[WORK INSTRUCTIONS] Find, in the records below, the line that contains "Styl hotelowy, który" and the line that contains "Štítová klika na". Copy those two lines and everything between them exactly, but not the pictures.

[STORED DATA]
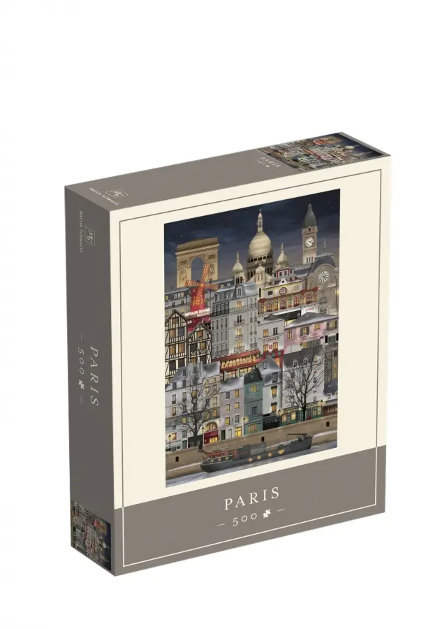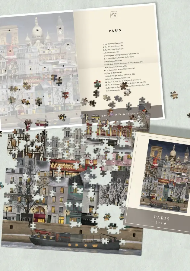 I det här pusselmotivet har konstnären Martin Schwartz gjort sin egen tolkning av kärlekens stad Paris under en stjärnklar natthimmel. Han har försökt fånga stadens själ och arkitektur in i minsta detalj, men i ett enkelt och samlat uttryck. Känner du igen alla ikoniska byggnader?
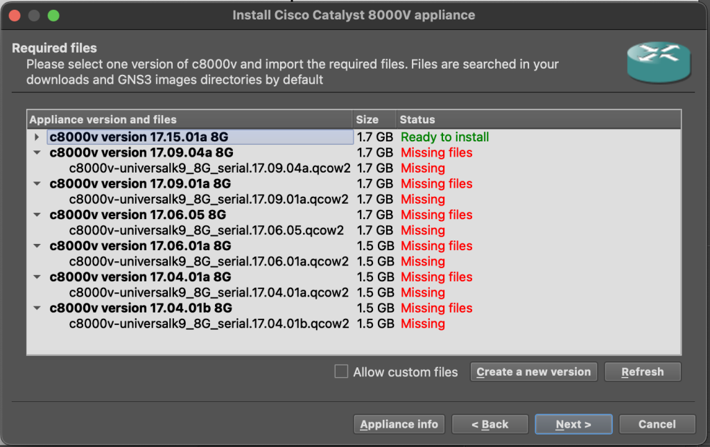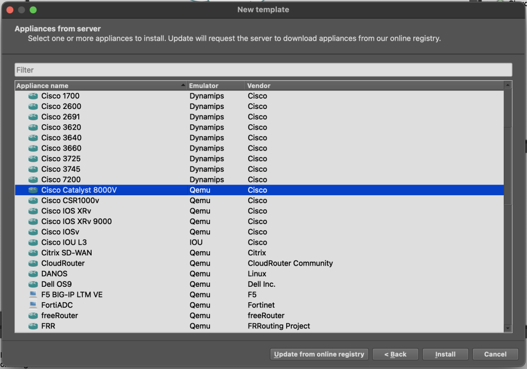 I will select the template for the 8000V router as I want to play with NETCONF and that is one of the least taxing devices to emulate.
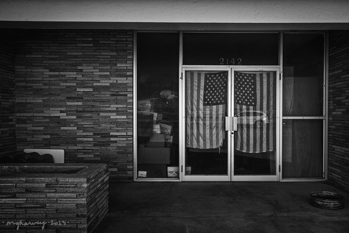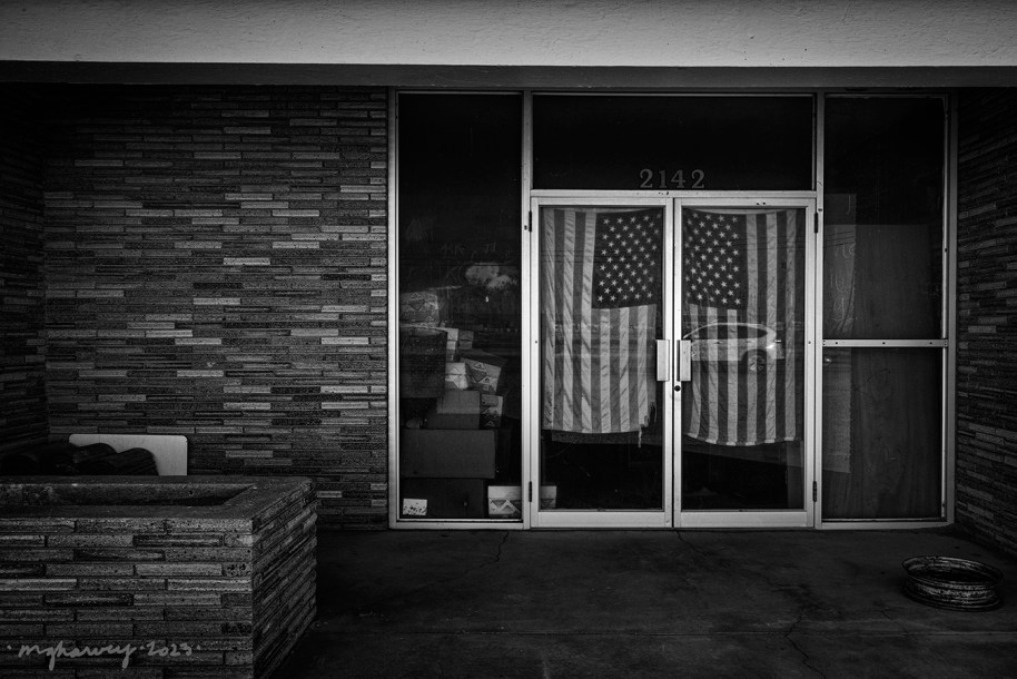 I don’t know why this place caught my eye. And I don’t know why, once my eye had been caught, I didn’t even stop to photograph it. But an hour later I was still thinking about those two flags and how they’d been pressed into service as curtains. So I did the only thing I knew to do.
==
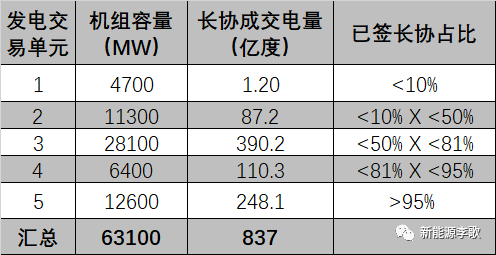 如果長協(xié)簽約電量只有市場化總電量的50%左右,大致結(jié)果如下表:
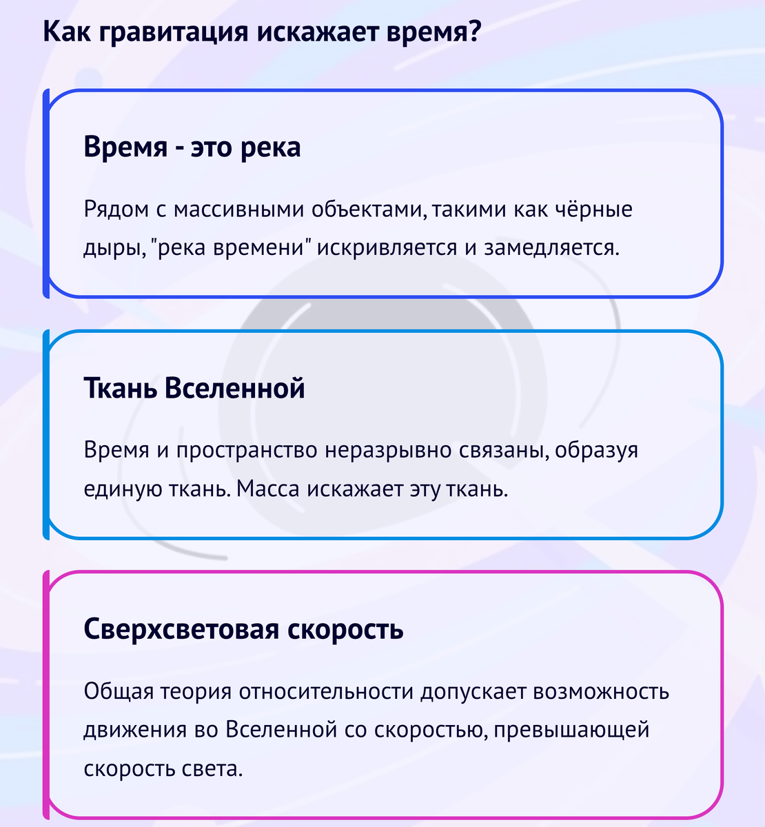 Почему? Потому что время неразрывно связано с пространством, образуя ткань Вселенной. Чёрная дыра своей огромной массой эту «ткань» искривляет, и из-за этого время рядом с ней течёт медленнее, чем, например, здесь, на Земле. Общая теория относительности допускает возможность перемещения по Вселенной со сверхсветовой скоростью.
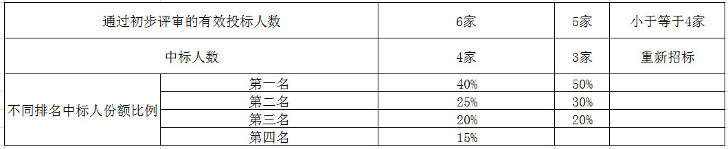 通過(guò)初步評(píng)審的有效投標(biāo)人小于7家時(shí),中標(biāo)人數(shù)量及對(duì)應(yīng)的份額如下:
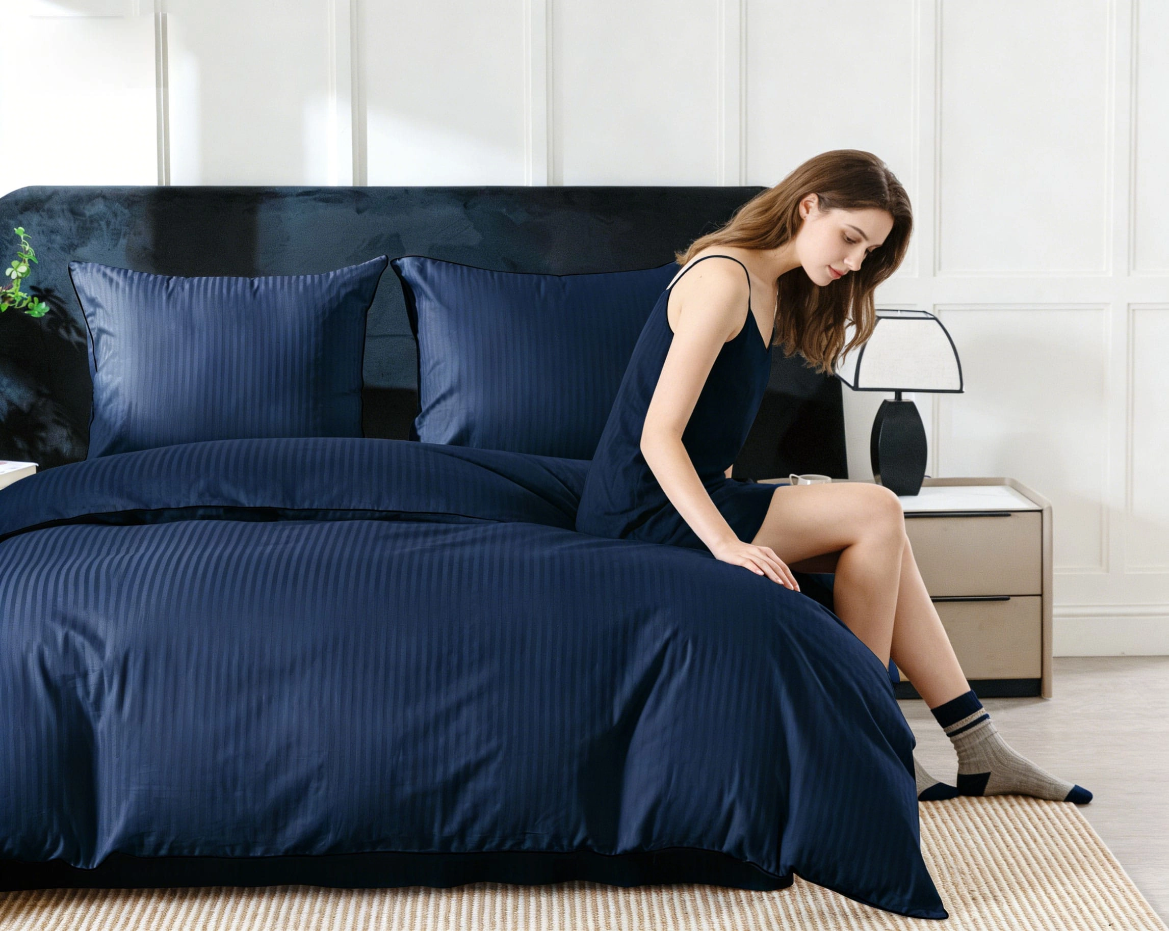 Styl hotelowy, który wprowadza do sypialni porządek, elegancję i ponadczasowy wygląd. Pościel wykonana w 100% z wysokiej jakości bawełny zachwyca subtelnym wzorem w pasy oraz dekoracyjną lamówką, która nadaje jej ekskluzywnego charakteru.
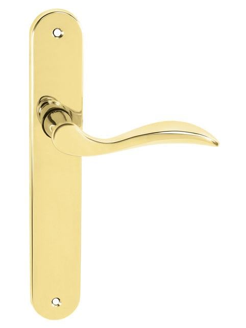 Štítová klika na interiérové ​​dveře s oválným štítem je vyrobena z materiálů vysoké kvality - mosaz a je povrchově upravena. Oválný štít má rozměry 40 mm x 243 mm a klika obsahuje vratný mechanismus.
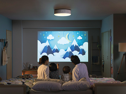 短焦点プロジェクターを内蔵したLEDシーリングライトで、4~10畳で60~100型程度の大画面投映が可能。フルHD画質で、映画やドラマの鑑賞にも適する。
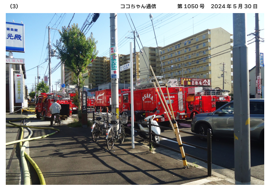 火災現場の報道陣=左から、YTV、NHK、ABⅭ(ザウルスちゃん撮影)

[REPLY]
 Styl hotelowy, który wprowadza do sypialni porządek, elegancję i ponadczasowy wygląd. Pościel wykonana w 100% z wysokiej jakości bawełny zachwyca subtelnym wzorem w pasy oraz dekoracyjną lamówką, która nadaje jej ekskluzywnego charakteru.
 Štítová klika na interiérové ​​dveře s oválným štítem je vyrobena z materiálů vysoké kvality - mosaz a je povrchově upravena. Oválný štít má rozměry 40 mm x 243 mm a klika obsahuje vratný mechanismus.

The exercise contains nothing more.